▶ _Assignment_
Your output should be exactly the lines from the one containing "Cabană confortabilă nou" through the final line of the following data, please, with no pictures.

▶ _Given material_
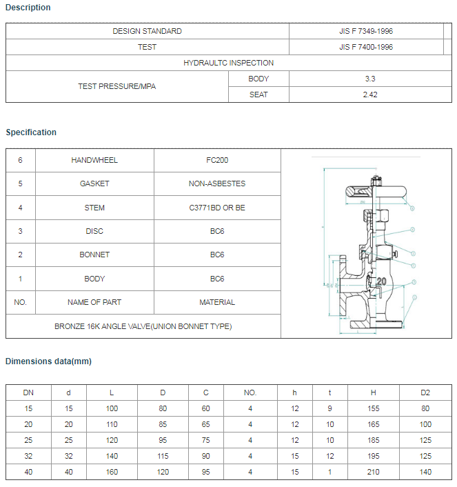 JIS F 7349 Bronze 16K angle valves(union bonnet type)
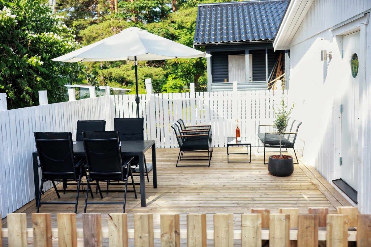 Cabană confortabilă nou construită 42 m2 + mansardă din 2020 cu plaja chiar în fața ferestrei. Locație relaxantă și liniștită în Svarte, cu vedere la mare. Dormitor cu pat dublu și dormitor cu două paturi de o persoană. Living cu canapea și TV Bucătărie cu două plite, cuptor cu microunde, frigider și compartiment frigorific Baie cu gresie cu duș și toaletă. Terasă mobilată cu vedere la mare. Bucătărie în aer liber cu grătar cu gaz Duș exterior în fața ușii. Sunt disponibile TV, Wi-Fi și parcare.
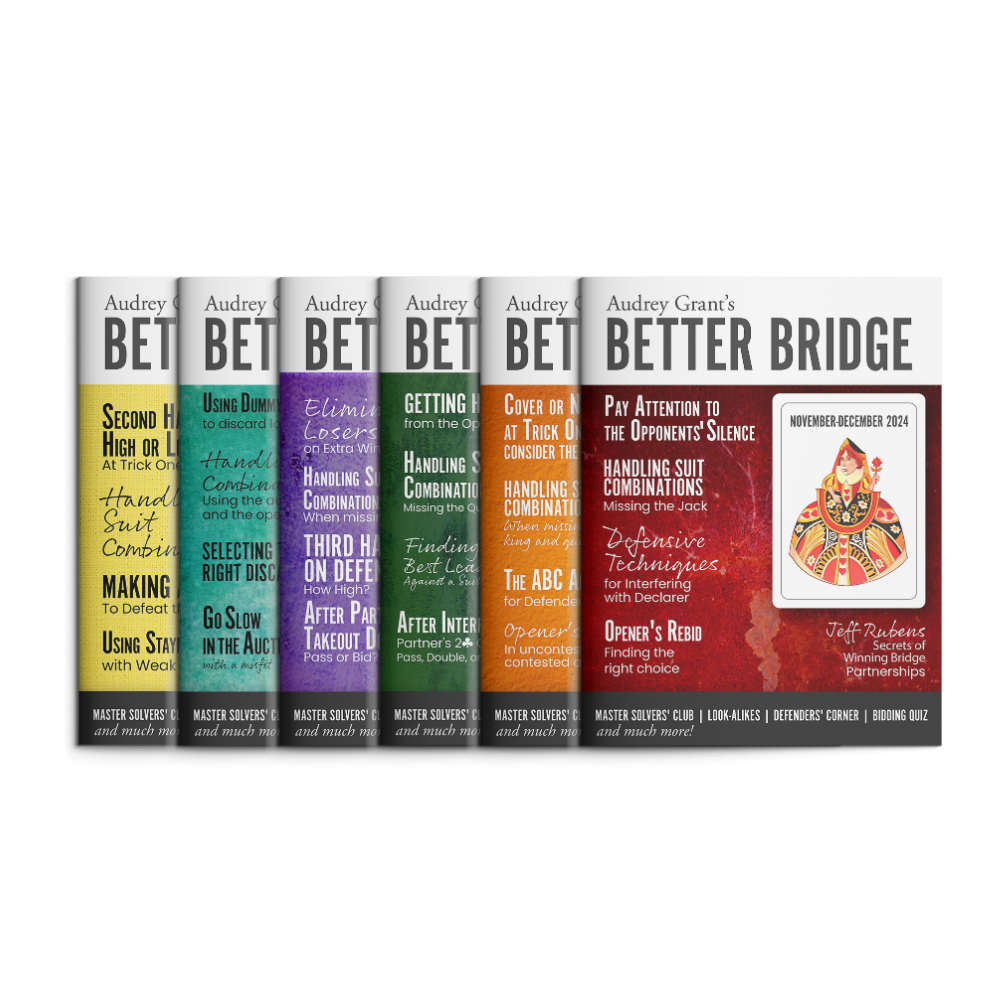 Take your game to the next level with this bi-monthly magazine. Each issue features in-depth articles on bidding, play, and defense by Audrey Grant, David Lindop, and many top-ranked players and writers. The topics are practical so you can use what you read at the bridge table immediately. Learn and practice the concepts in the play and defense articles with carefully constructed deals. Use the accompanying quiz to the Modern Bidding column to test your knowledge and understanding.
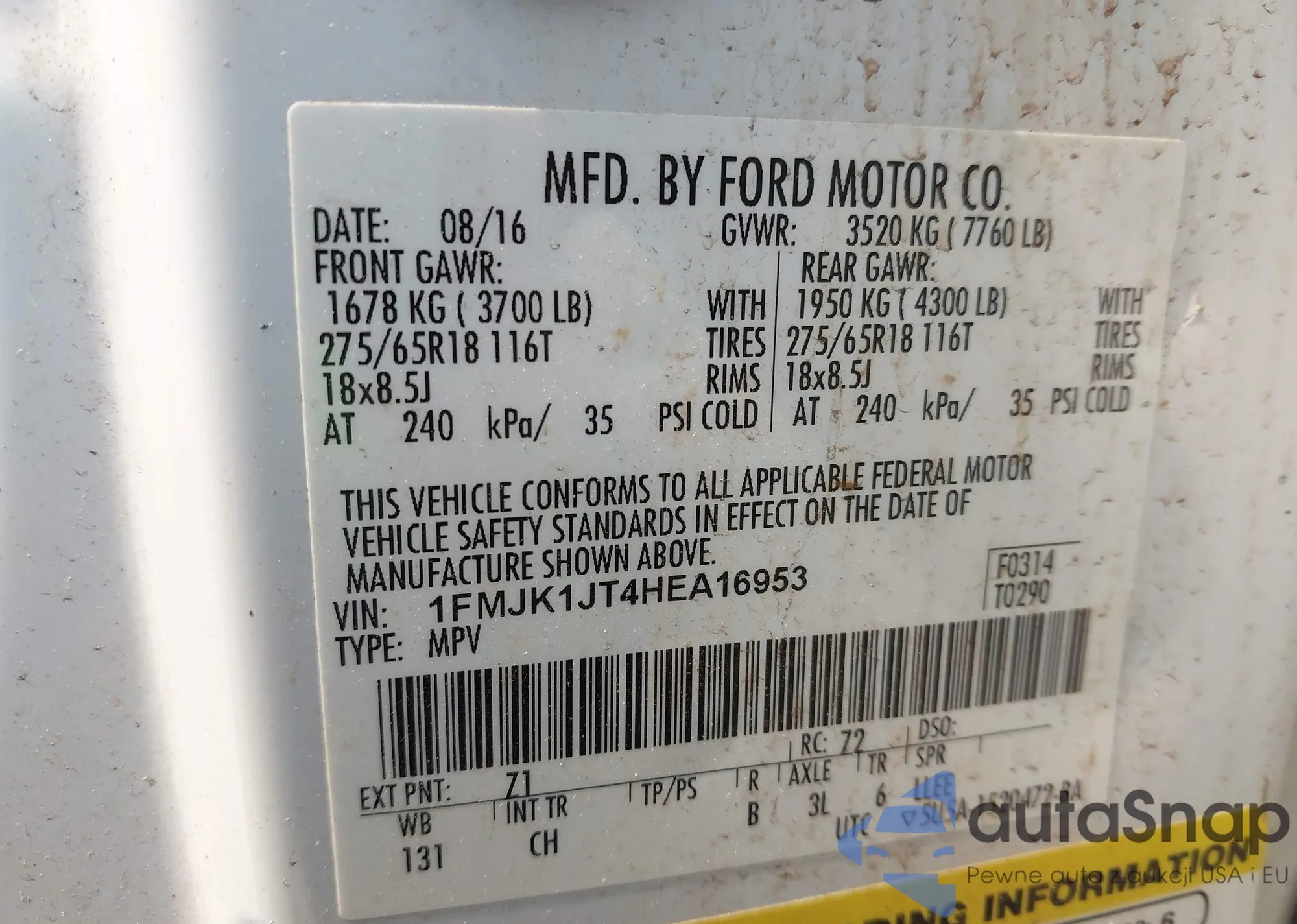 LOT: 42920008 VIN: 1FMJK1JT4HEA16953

▶ _Finished exercise_
 Cabană confortabilă nou construită 42 m2 + mansardă din 2020 cu plaja chiar în fața ferestrei. Locație relaxantă și liniștită în Svarte, cu vedere la mare. Dormitor cu pat dublu și dormitor cu două paturi de o persoană. Living cu canapea și TV Bucătărie cu două plite, cuptor cu microunde, frigider și compartiment frigorific Baie cu gresie cu duș și toaletă. Terasă mobilată cu vedere la mare. Bucătărie în aer liber cu grătar cu gaz Duș exterior în fața ușii. Sunt disponibile TV, Wi-Fi și parcare.
 Take your game to the next level with this bi-monthly magazine. Each issue features in-depth articles on bidding, play, and defense by Audrey Grant, David Lindop, and many top-ranked players and writers. The topics are practical so you can use what you read at the bridge table immediately. Learn and practice the concepts in the play and defense articles with carefully constructed deals. Use the accompanying quiz to the Modern Bidding column to test your knowledge and understanding.
 LOT: 42920008 VIN: 1FMJK1JT4HEA16953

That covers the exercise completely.